─── DATASET EXCERPTS ───

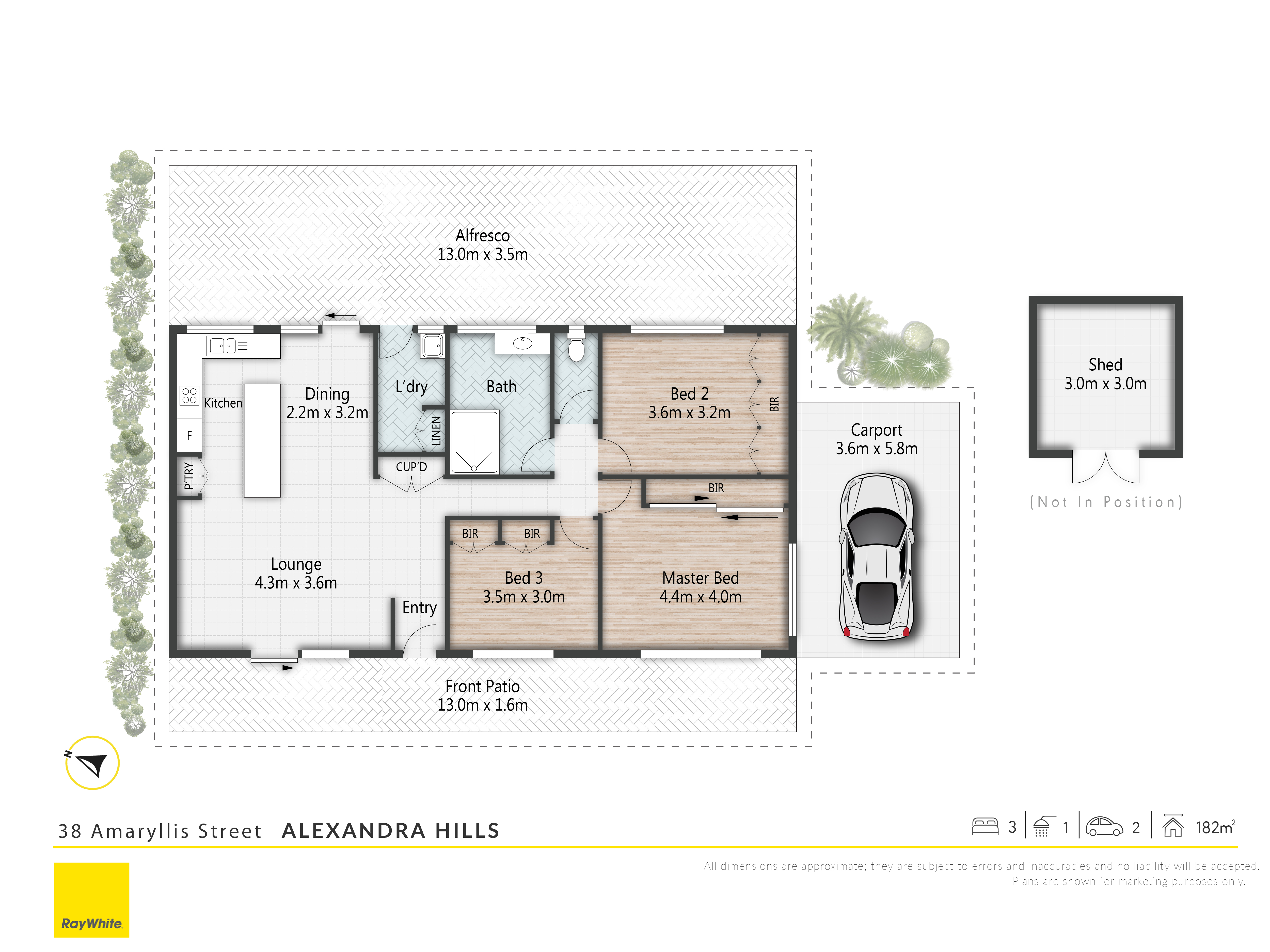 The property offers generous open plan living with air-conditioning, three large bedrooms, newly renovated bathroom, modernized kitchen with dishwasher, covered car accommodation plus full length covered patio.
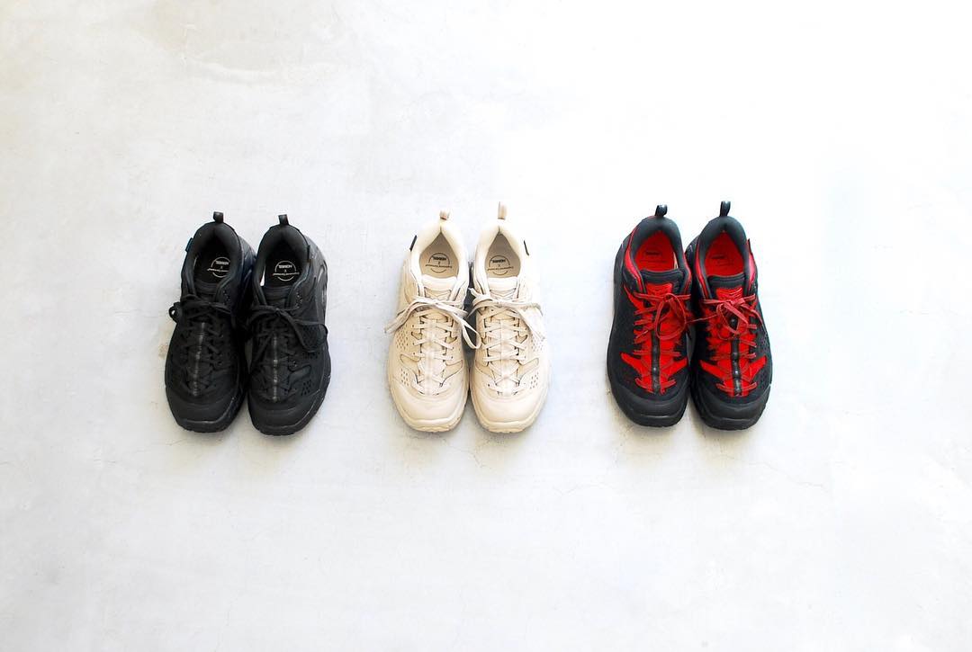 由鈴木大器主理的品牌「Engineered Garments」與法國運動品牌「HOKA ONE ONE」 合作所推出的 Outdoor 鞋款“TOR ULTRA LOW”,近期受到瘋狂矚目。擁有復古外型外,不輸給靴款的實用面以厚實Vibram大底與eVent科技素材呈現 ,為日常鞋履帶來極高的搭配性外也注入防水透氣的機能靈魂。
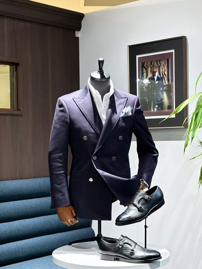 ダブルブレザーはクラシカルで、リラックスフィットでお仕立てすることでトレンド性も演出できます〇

───
─── DATASET EXCERPTS ───

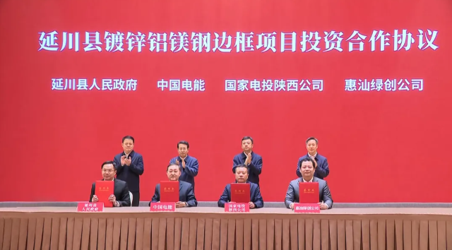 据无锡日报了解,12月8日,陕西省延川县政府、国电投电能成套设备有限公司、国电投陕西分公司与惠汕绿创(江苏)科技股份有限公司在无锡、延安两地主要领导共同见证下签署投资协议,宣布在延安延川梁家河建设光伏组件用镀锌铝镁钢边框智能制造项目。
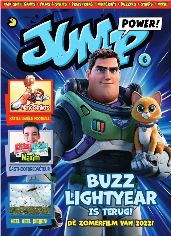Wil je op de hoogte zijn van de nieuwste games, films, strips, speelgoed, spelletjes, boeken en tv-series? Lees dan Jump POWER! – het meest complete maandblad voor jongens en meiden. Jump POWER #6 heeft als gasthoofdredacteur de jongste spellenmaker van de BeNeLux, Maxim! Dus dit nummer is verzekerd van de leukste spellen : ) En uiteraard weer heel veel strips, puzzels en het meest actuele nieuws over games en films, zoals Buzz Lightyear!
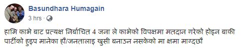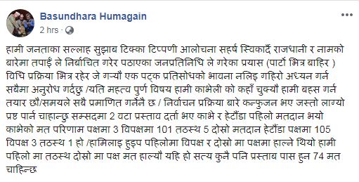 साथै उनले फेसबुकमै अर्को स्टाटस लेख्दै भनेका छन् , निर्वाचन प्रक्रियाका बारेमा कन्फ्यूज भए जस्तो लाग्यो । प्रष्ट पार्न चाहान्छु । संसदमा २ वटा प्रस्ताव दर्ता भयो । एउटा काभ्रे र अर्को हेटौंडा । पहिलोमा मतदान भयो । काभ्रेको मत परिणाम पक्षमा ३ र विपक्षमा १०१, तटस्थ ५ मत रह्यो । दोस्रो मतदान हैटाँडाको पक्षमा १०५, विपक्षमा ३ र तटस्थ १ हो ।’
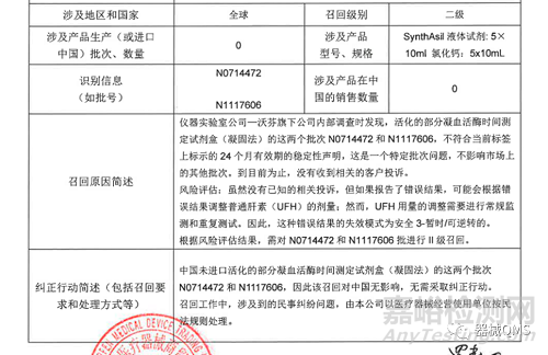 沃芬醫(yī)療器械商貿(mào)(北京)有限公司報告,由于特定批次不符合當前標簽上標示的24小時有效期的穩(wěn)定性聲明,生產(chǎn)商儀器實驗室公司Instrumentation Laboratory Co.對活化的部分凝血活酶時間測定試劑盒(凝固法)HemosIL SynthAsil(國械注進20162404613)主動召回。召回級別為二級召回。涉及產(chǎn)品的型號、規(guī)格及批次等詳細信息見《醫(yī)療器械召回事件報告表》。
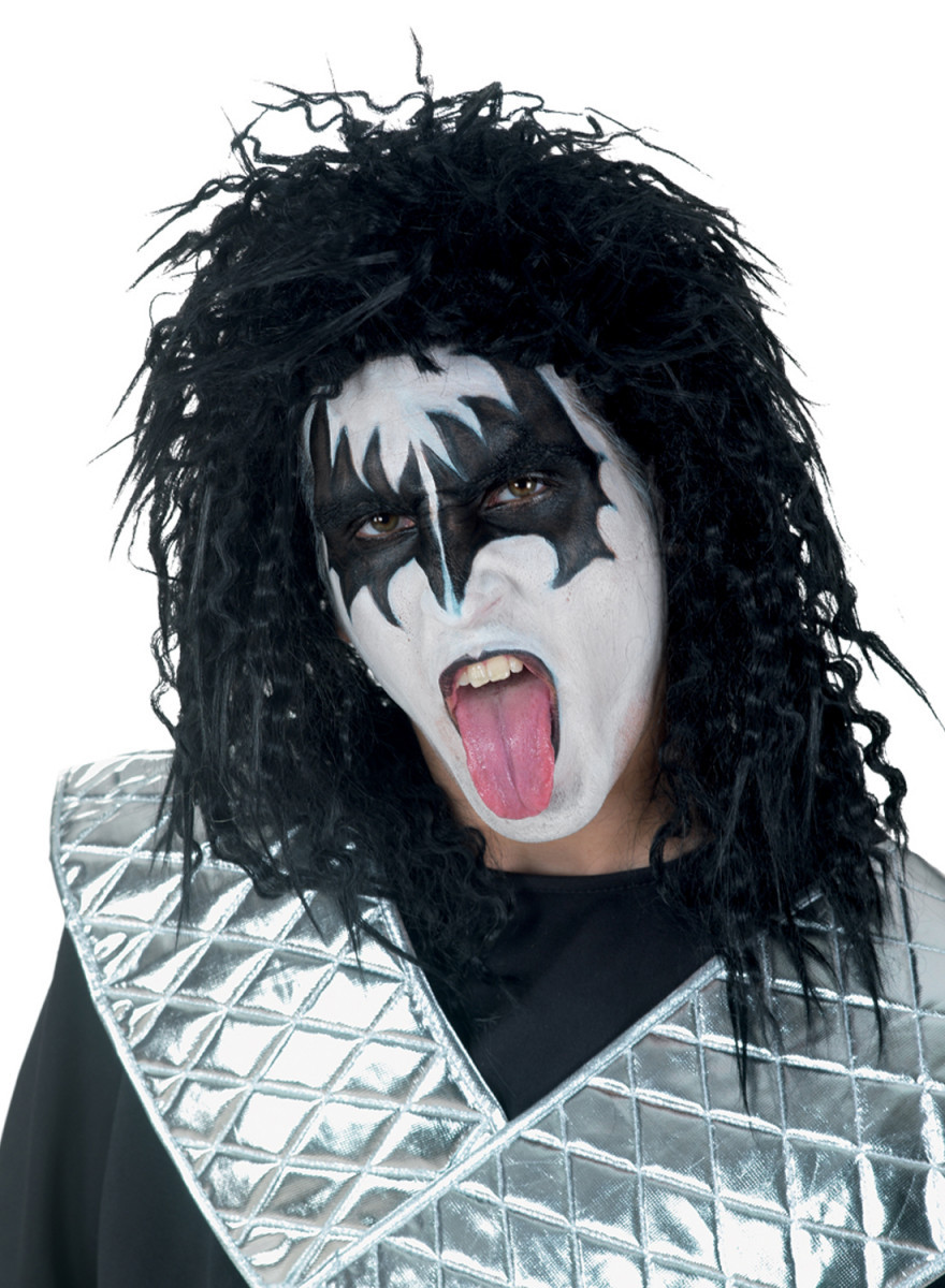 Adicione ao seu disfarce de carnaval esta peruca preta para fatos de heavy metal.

───
─── DATASET EXCERPTS ───

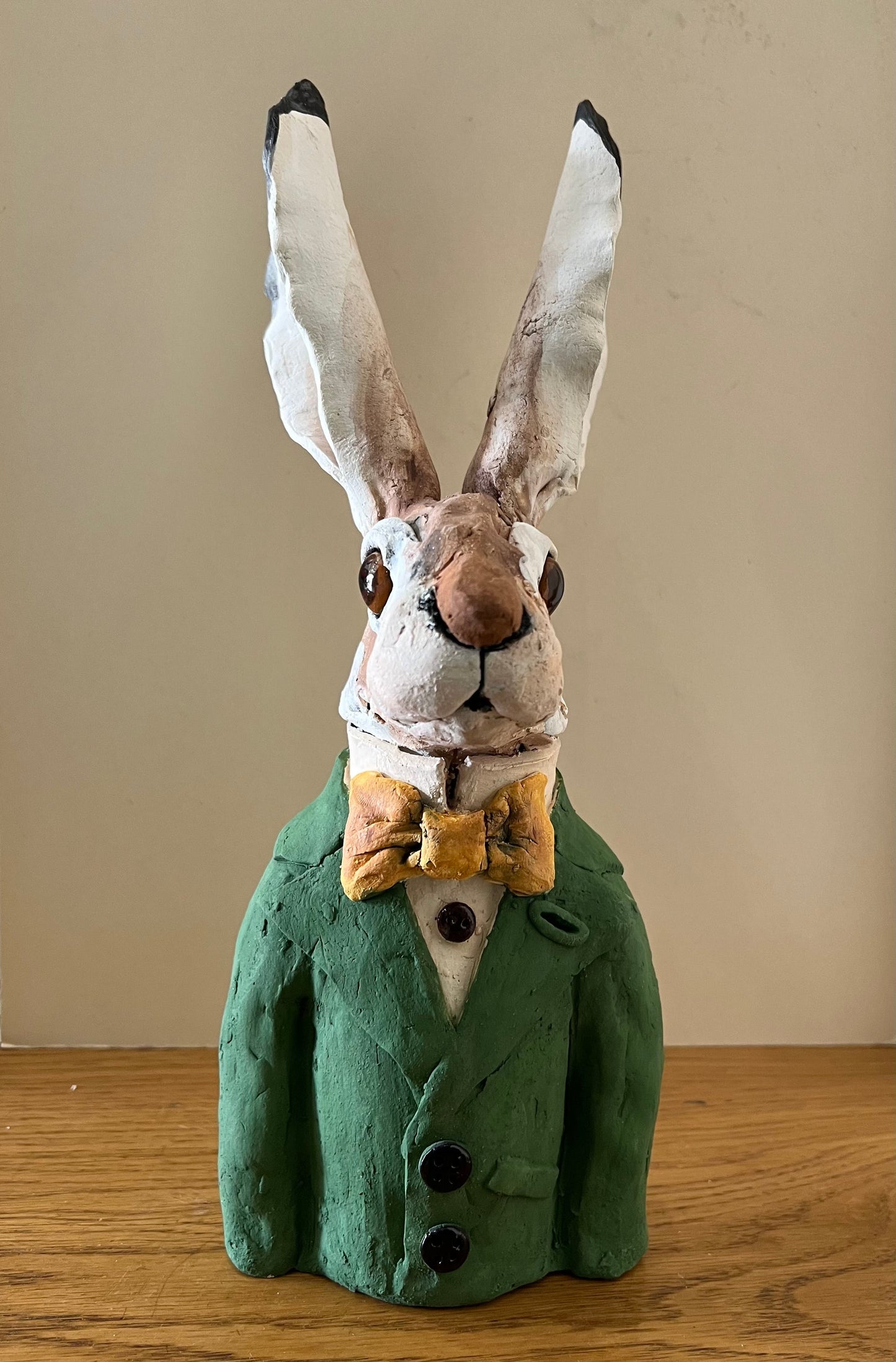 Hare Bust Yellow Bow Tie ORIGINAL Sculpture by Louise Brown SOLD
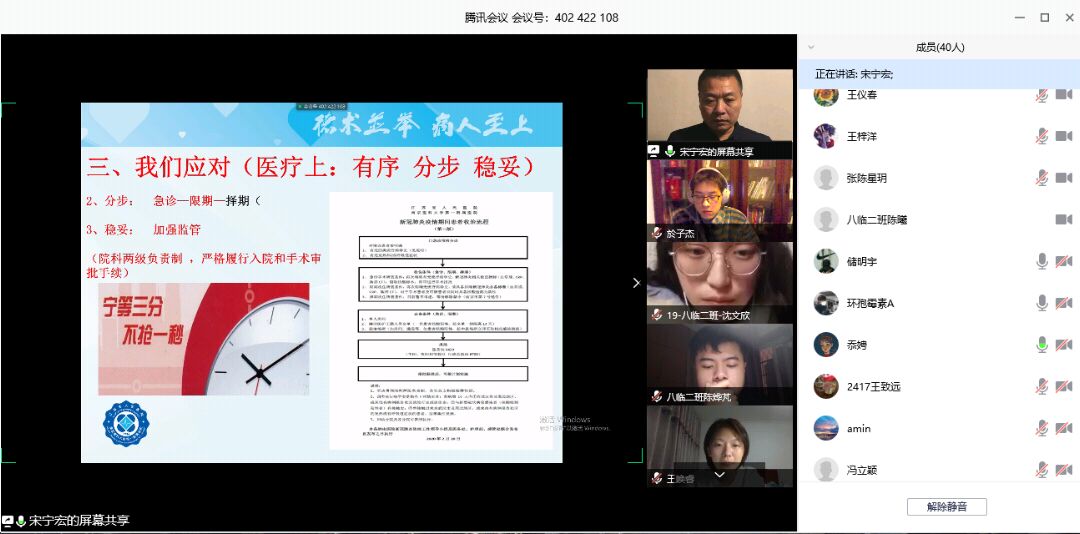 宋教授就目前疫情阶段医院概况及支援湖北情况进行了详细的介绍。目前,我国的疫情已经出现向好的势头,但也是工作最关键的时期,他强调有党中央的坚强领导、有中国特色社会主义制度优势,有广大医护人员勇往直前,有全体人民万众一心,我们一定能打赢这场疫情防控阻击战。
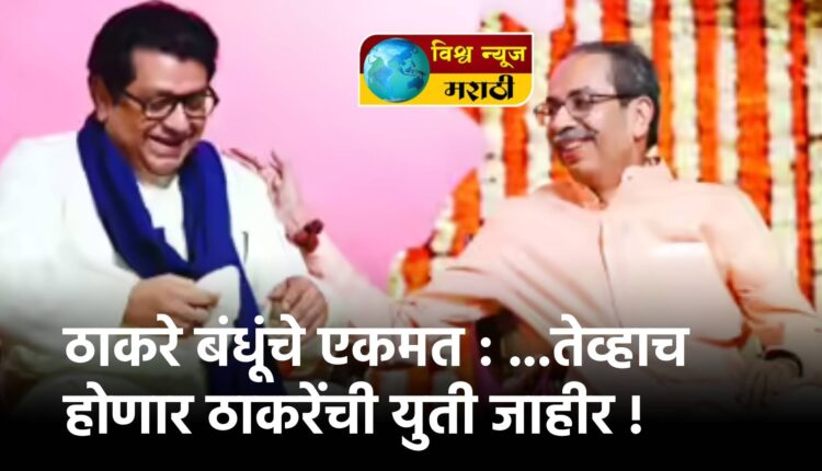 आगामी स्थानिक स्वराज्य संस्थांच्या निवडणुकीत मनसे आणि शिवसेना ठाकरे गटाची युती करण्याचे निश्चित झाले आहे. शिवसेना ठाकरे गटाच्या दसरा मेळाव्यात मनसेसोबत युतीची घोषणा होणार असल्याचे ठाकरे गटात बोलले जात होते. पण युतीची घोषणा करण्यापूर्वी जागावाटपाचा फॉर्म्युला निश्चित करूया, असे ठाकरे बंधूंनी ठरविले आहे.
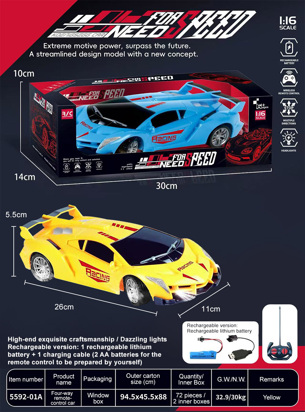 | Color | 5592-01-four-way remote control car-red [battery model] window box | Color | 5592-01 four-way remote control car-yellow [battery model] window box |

───

◆ ABOUT THIS TASK
Only the lines above starting with the line with "Hare Bust Yellow" and going on through the line with "宋教授就目前疫情阶段医院概况" belong in the answer; repeat them exactly, minus any picture.

◆ SOLUTION
 Hare Bust Yellow Bow Tie ORIGINAL Sculpture by Louise Brown SOLD
 宋教授就目前疫情阶段医院概况及支援湖北情况进行了详细的介绍。目前,我国的疫情已经出现向好的势头,但也是工作最关键的时期,他强调有党中央的坚强领导、有中国特色社会主义制度优势,有广大医护人员勇往直前,有全体人民万众一心,我们一定能打赢这场疫情防控阻击战。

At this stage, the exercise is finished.